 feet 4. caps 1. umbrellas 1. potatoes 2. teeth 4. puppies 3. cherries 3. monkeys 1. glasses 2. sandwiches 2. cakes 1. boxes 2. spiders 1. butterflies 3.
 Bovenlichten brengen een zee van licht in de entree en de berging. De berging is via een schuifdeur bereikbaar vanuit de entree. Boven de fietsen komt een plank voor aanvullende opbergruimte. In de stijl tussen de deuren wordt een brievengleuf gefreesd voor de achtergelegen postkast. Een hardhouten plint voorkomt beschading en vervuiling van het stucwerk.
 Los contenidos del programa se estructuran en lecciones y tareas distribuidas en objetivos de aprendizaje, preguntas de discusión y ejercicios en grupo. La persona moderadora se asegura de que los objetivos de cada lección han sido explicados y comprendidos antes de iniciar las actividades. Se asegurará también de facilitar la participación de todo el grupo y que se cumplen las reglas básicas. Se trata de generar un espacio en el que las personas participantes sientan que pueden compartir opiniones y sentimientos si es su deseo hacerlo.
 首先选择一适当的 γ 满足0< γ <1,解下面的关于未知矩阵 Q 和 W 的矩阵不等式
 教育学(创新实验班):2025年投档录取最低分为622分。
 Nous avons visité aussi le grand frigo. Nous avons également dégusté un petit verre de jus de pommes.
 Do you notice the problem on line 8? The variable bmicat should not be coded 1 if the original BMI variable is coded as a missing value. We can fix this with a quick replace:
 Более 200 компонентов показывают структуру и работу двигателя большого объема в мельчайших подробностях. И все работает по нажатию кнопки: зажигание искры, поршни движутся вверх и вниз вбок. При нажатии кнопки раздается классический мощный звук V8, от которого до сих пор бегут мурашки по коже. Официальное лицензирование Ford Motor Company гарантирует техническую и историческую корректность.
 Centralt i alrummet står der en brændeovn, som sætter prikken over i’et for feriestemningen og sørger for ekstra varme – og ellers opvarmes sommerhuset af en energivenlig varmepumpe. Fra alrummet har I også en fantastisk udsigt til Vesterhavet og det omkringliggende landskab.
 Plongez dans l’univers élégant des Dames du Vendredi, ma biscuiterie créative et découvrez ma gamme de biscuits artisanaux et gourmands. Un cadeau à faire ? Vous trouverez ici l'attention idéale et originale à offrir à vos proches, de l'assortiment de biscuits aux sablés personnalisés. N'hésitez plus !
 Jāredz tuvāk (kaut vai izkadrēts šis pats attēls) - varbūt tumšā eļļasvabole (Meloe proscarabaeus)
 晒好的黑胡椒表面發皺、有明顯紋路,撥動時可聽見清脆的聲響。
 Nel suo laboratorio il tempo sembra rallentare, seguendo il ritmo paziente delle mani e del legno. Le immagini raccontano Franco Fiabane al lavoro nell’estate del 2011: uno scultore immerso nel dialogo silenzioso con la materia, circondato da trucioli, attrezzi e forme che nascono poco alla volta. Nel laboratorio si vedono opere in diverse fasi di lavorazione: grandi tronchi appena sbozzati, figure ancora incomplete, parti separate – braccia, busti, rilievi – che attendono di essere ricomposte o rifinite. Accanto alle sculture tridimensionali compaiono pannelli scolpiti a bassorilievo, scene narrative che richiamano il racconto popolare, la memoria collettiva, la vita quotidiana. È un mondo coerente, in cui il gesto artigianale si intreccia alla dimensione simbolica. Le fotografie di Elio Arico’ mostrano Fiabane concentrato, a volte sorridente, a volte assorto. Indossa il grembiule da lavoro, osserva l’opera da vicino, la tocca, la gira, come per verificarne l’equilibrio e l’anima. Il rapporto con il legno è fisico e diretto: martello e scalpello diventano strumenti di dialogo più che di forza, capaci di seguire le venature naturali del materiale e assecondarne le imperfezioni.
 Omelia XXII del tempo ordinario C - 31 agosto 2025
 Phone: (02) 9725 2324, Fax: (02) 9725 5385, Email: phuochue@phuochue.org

- - -

> _Exercise details_: Give the listing above again in full, with no word altered.

> _Output of the task_:
 feet 4. caps 1. umbrellas 1. potatoes 2. teeth 4. puppies 3. cherries 3. monkeys 1. glasses 2. sandwiches 2. cakes 1. boxes 2. spiders 1. butterflies 3.
 Bovenlichten brengen een zee van licht in de entree en de berging. De berging is via een schuifdeur bereikbaar vanuit de entree. Boven de fietsen komt een plank voor aanvullende opbergruimte. In de stijl tussen de deuren wordt een brievengleuf gefreesd voor de achtergelegen postkast. Een hardhouten plint voorkomt beschading en vervuiling van het stucwerk.
 Los contenidos del programa se estructuran en lecciones y tareas distribuidas en objetivos de aprendizaje, preguntas de discusión y ejercicios en grupo. La persona moderadora se asegura de que los objetivos de cada lección han sido explicados y comprendidos antes de iniciar las actividades. Se asegurará también de facilitar la participación de todo el grupo y que se cumplen las reglas básicas. Se trata de generar un espacio en el que las personas participantes sientan que pueden compartir opiniones y sentimientos si es su deseo hacerlo.
 首先选择一适当的 γ 满足0< γ <1,解下面的关于未知矩阵 Q 和 W 的矩阵不等式
 教育学(创新实验班):2025年投档录取最低分为622分。
 Nous avons visité aussi le grand frigo. Nous avons également dégusté un petit verre de jus de pommes.
 Do you notice the problem on line 8? The variable bmicat should not be coded 1 if the original BMI variable is coded as a missing value. We can fix this with a quick replace:
 Более 200 компонентов показывают структуру и работу двигателя большого объема в мельчайших подробностях. И все работает по нажатию кнопки: зажигание искры, поршни движутся вверх и вниз вбок. При нажатии кнопки раздается классический мощный звук V8, от которого до сих пор бегут мурашки по коже. Официальное лицензирование Ford Motor Company гарантирует техническую и историческую корректность.
 Centralt i alrummet står der en brændeovn, som sætter prikken over i’et for feriestemningen og sørger for ekstra varme – og ellers opvarmes sommerhuset af en energivenlig varmepumpe. Fra alrummet har I også en fantastisk udsigt til Vesterhavet og det omkringliggende landskab.
 Plongez dans l’univers élégant des Dames du Vendredi, ma biscuiterie créative et découvrez ma gamme de biscuits artisanaux et gourmands. Un cadeau à faire ? Vous trouverez ici l'attention idéale et originale à offrir à vos proches, de l'assortiment de biscuits aux sablés personnalisés. N'hésitez plus !
 Jāredz tuvāk (kaut vai izkadrēts šis pats attēls) - varbūt tumšā eļļasvabole (Meloe proscarabaeus)
 晒好的黑胡椒表面發皺、有明顯紋路,撥動時可聽見清脆的聲響。
 Nel suo laboratorio il tempo sembra rallentare, seguendo il ritmo paziente delle mani e del legno. Le immagini raccontano Franco Fiabane al lavoro nell’estate del 2011: uno scultore immerso nel dialogo silenzioso con la materia, circondato da trucioli, attrezzi e forme che nascono poco alla volta. Nel laboratorio si vedono opere in diverse fasi di lavorazione: grandi tronchi appena sbozzati, figure ancora incomplete, parti separate – braccia, busti, rilievi – che attendono di essere ricomposte o rifinite. Accanto alle sculture tridimensionali compaiono pannelli scolpiti a bassorilievo, scene narrative che richiamano il racconto popolare, la memoria collettiva, la vita quotidiana. È un mondo coerente, in cui il gesto artigianale si intreccia alla dimensione simbolica. Le fotografie di Elio Arico’ mostrano Fiabane concentrato, a volte sorridente, a volte assorto. Indossa il grembiule da lavoro, osserva l’opera da vicino, la tocca, la gira, come per verificarne l’equilibrio e l’anima. Il rapporto con il legno è fisico e diretto: martello e scalpello diventano strumenti di dialogo più che di forza, capaci di seguire le venature naturali del materiale e assecondarne le imperfezioni.
 Omelia XXII del tempo ordinario C - 31 agosto 2025
 Phone: (02) 9725 2324, Fax: (02) 9725 5385, Email: phuochue@phuochue.org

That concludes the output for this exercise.